The material below holds the lines to copy: from the one with "Robuste og slidstærke" up to and including the one with "Số tiền ủng". Copy them exactly and skip the pictures.

================

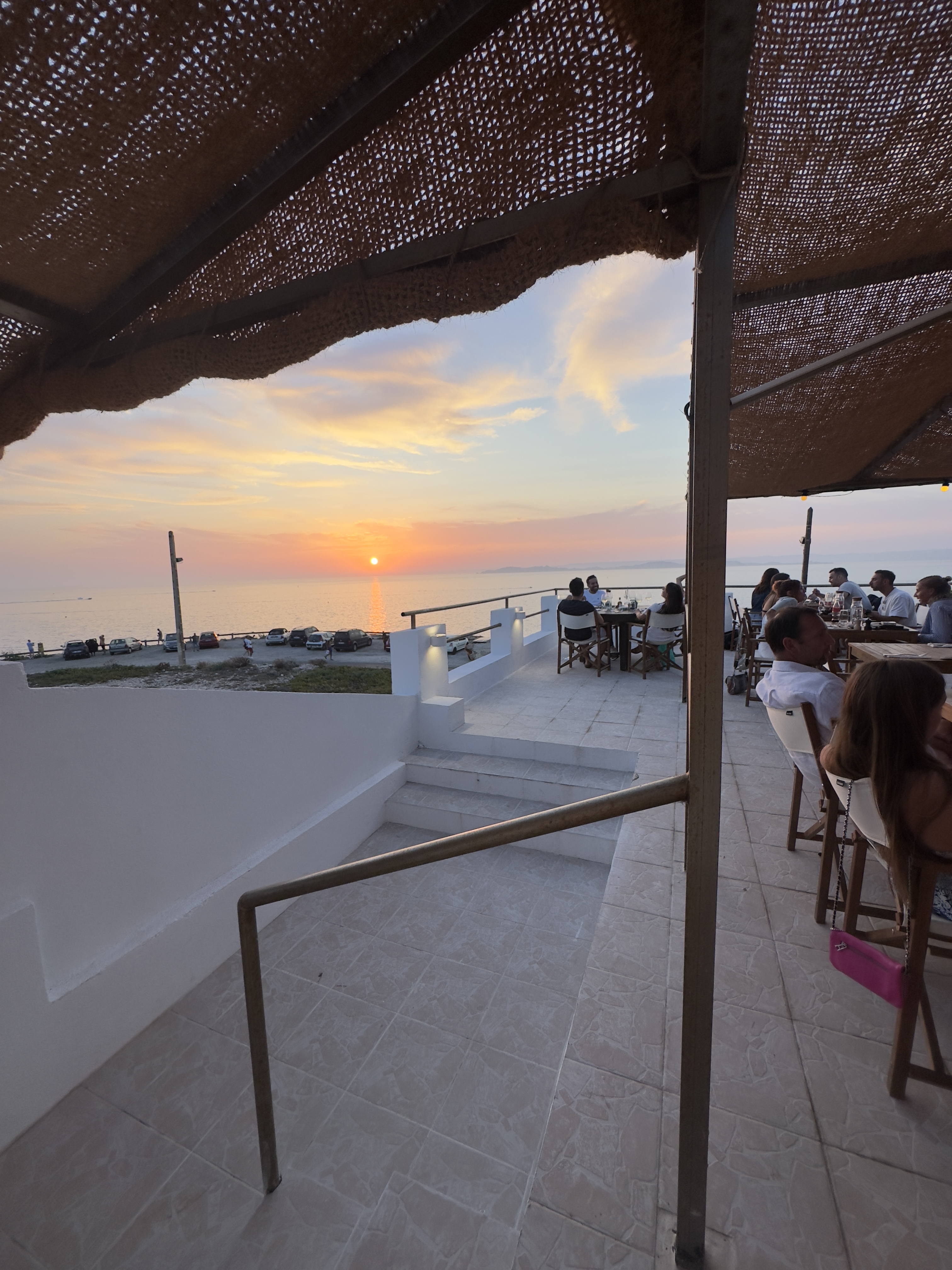 Cuisine tout à fait basique et moyenne a des prix astronomique au vu des assiettes Un lieu bling bling à la mode où il faut se montrer Un bruit routier infernal de la voie entre deux virages... Le coucher de soleil sauve l'établissement
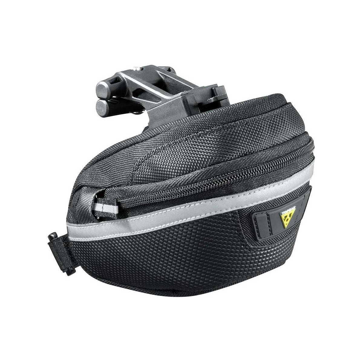Robuste og slidstærke Topeak Wedge Pack II Small er en sadeltaske fremstillet i 1000 denier nylon, som er nem at tilgå og betjene, når du skal bruge de ting, du har i den. Den er udstyret med regnovertræk, holder til baglygte og naturligvis refleksdetaljer. Tasken er QuickClick-kompatibel, hvilket betyder, at den hurtigt og let kan flyttes mellem forskellige cykler.
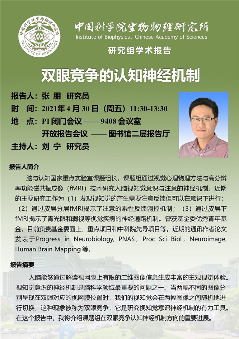 2021年4月30日上午11:30 研究组学术报告:双眼竞争的认知神经机制
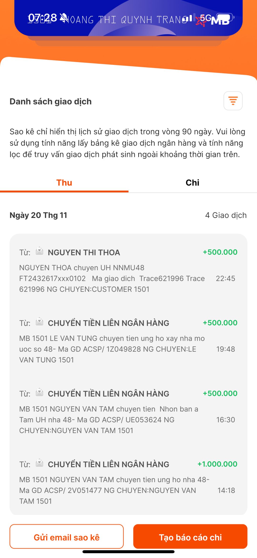 Số tiền ủng hộ trong ngày 20/11/2024 ạ:
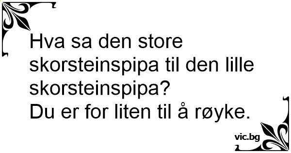 Hva sa den store skorsteinspipa til den lille skorsteinspipa?
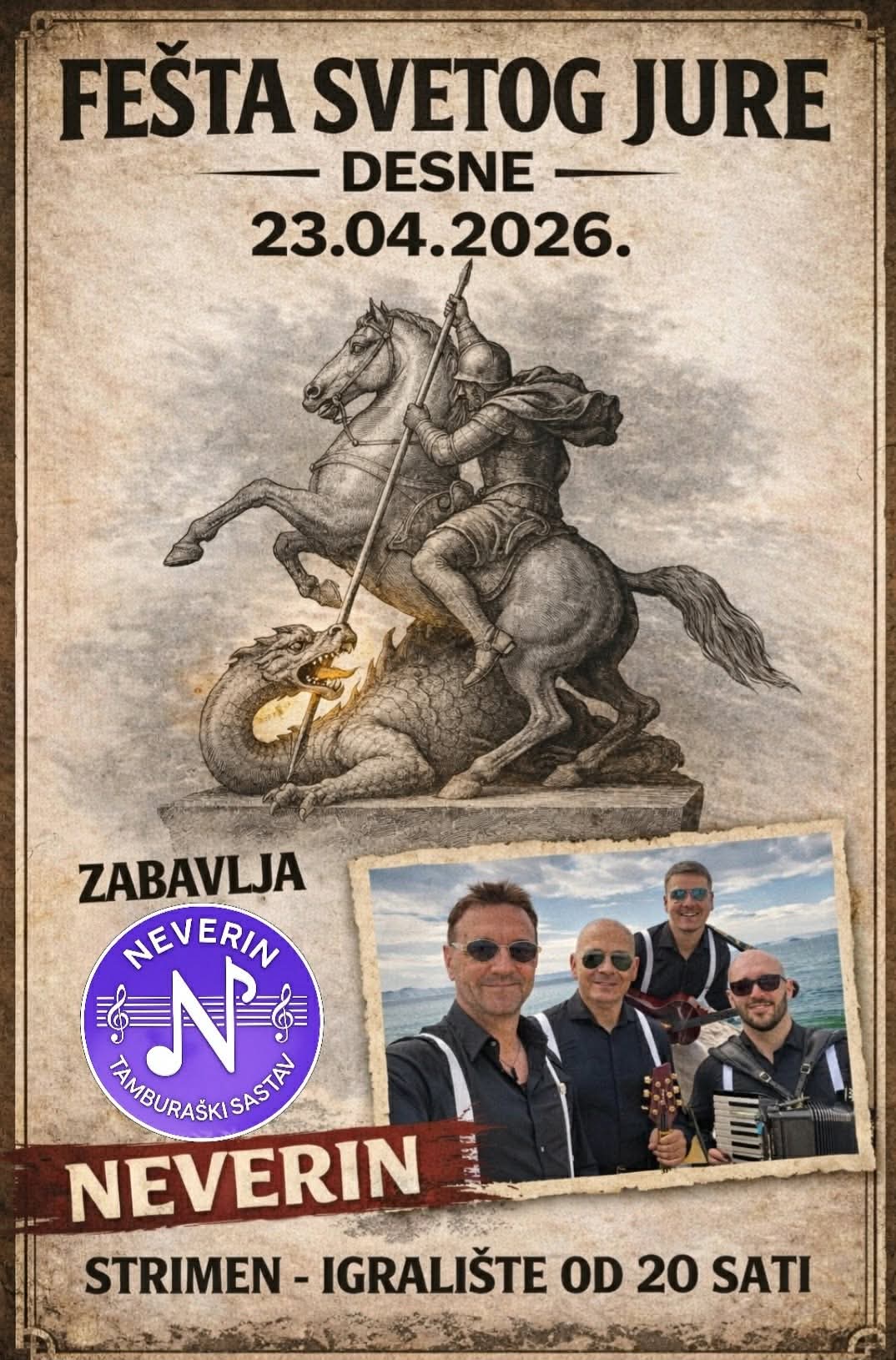Udruga mladih Desne poziva sve mještane i posjetitelje na proslavu blagdana svetog Jure, zaštitnika mjesta, koja će se održati u četvrtak, 23. travnja 2026. godine.

================

Task solution.
Robuste og slidstærke Topeak Wedge Pack II Small er en sadeltaske fremstillet i 1000 denier nylon, som er nem at tilgå og betjene, når du skal bruge de ting, du har i den. Den er udstyret med regnovertræk, holder til baglygte og naturligvis refleksdetaljer. Tasken er QuickClick-kompatibel, hvilket betyder, at den hurtigt og let kan flyttes mellem forskellige cykler.
 2021年4月30日上午11:30 研究组学术报告:双眼竞争的认知神经机制
 Số tiền ủng hộ trong ngày 20/11/2024 ạ:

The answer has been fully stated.